TO DO
Take the material below and extract the lines from the one with "Lavender and Old" through the one with "(1) Align the", word for word, without pictures.

DATA SUPPLIED
"""

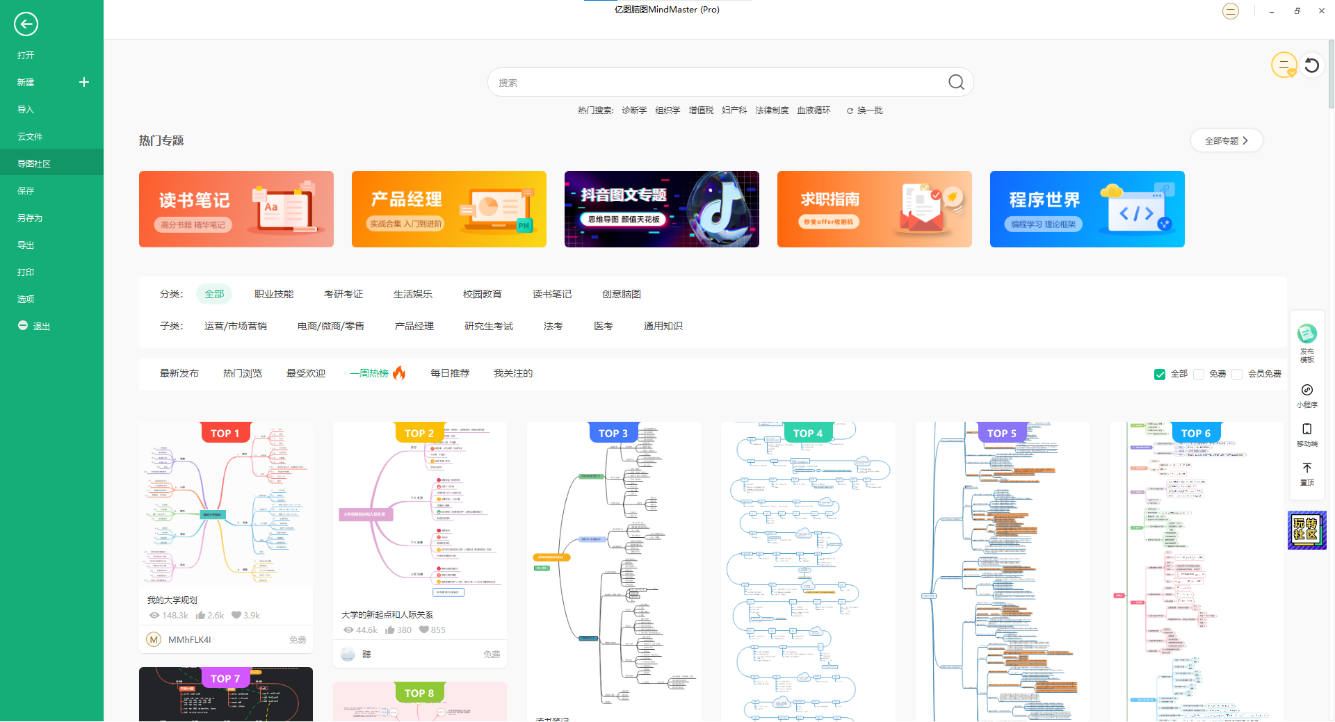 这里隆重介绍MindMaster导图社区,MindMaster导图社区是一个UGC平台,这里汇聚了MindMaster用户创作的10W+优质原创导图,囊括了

"""
"""

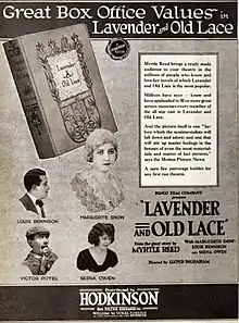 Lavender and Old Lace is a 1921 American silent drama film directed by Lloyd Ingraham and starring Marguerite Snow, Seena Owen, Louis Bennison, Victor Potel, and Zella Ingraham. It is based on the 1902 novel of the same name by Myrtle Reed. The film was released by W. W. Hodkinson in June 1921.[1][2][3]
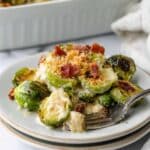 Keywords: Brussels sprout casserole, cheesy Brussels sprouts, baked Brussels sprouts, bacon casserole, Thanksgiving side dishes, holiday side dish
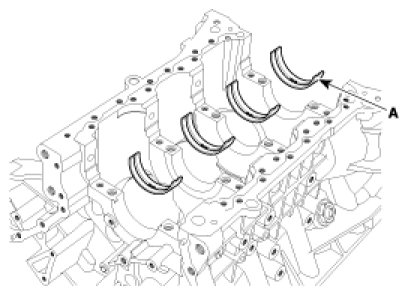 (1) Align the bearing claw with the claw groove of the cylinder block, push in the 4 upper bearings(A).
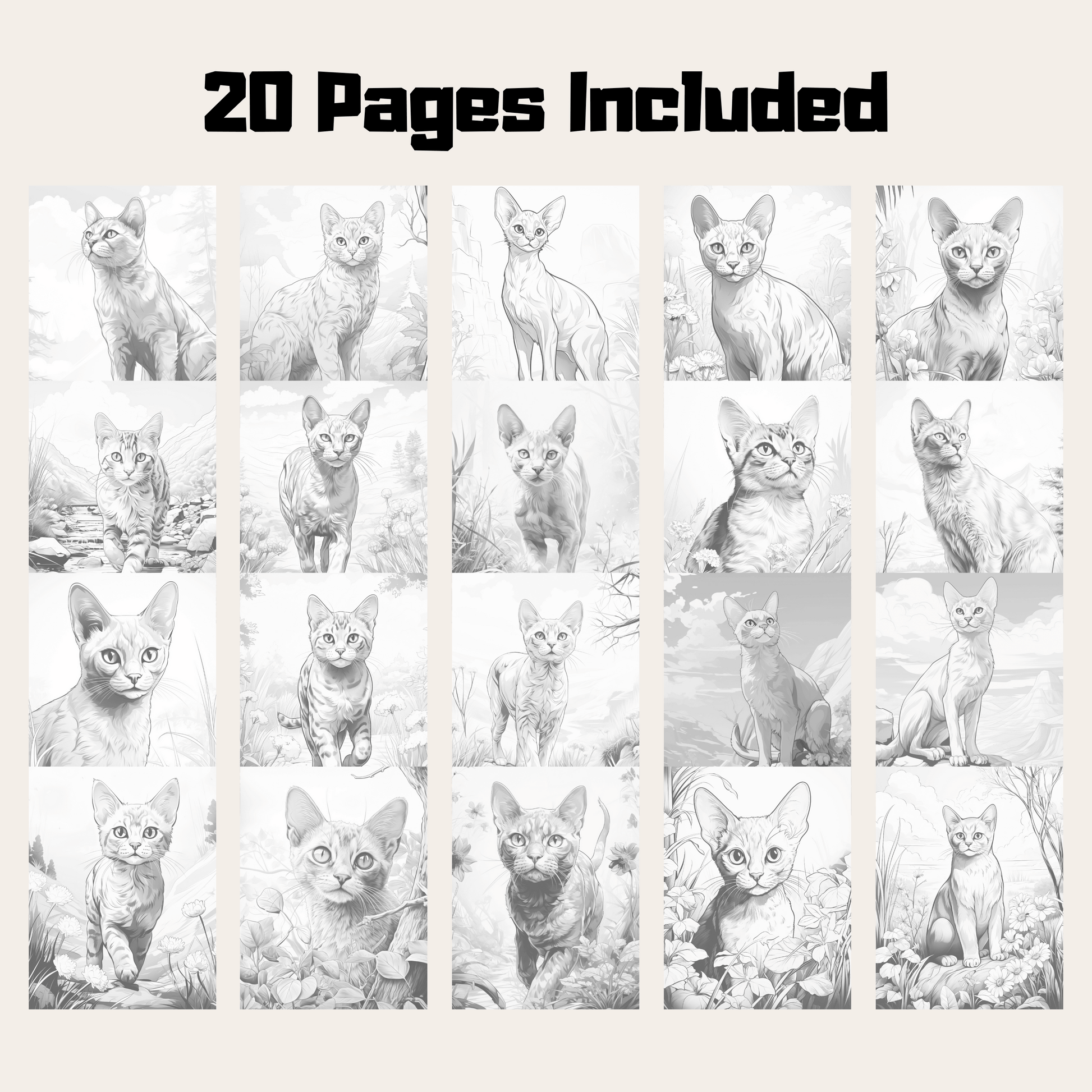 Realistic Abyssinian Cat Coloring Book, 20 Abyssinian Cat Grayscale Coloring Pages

"""
"""

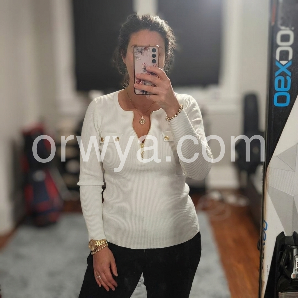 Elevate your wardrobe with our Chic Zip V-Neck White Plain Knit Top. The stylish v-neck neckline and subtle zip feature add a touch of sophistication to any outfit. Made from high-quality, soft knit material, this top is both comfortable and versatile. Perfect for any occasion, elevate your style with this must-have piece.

"""

EXERCISE OUTPUT
 Lavender and Old Lace is a 1921 American silent drama film directed by Lloyd Ingraham and starring Marguerite Snow, Seena Owen, Louis Bennison, Victor Potel, and Zella Ingraham. It is based on the 1902 novel of the same name by Myrtle Reed. The film was released by W. W. Hodkinson in June 1921.[1][2][3]
 Keywords: Brussels sprout casserole, cheesy Brussels sprouts, baked Brussels sprouts, bacon casserole, Thanksgiving side dishes, holiday side dish
 (1) Align the bearing claw with the claw groove of the cylinder block, push in the 4 upper bearings(A).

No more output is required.